Development Note #16
Sometimes it’s the simple things that help us the most, and then—being human—those simple things become overshadowed or routine, and we forget what they were. Lately I’ve been thinking about belonging and kindness, two deceptively simple ideas that, once examined, begin to show their quiet power. Thinking and writing about them has made me more attentive to how these feelings and actions actually work in everyday life, how they arise, and how they reinforce each other.
I now notice moments that, in the past, I might have dismissed as trivial or unimportant, but which I now recognize as small signals of connection. Two recent experiences helped me see this more clearly.
A conversation on my front porch
For years, I’ve had concerns about street safety in my neighborhood. I’ve written to village officials and spoken with them at various times. To their credit, my concerns haven’t been ignored—but government work moves slowly. Funding, planning, scheduling: these things take time, even when the need feels urgent. I can intellectually accept that reality, yet I still feel frustration when progress seems too slow.
Then, a few days ago, the mayor—who is running for reelection—came by my house. He was going door to door. We’re not close, but we’re on polite, first-name terms. When he knocked, I found myself at a small crossroads: Do I keep the conversation light, or do I dive immediately into my frustrations?
Being a mayor of a village is hardly a path to wealth or glory.

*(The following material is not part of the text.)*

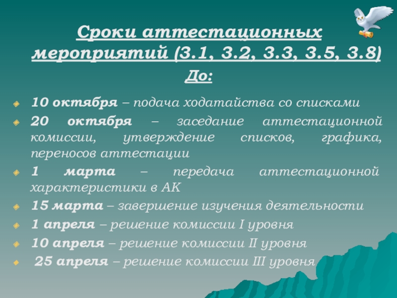 Слайд 24Сроки аттестационных мероприятий (3.1, 3.2, 3.3, 3.5, 3.8)

It’s a role that often comes with conflict, criticism, and carrying the emotional weight of residents’ dissatisfaction. Remembering that, I decided to begin the conversation with a measure of care and kindness. I thanked him for what I believed were genuinely good efforts on some recent community issues.
As soon as I offered the compliment, I saw a subtle but unmistakable shift. His shoulders loosened. His expression softened. He was no longer “the mayor” answering to constituents, but also a person talking to another person at the door. And then—without any prompting—he mentioned my safety concerns. He told me the board had discussed them and that they were on the schedule for next year.
I felt unexpectedly lighter.
Later I recognized that the kindness I offered at the start of our conversation wasn’t a manipulation or strategy; it was simply an acknowledgment of his humanity. Opening with appreciation created a space where he could respond openly in return. He mirrored the warmth I had begun with. The whole interaction left me feeling not only heard but also more connected to the community I live in. It was a small moment, not a dramatic one—but I’m learning that these small, human exchanges are precisely what give rise to a sense of belonging.
Being considerate, I’m discovering, is not just a polite gesture—it is a door. And on the other side of that door is the possibility of connection, trust, and the feeling that we are part of something larger than ourselves.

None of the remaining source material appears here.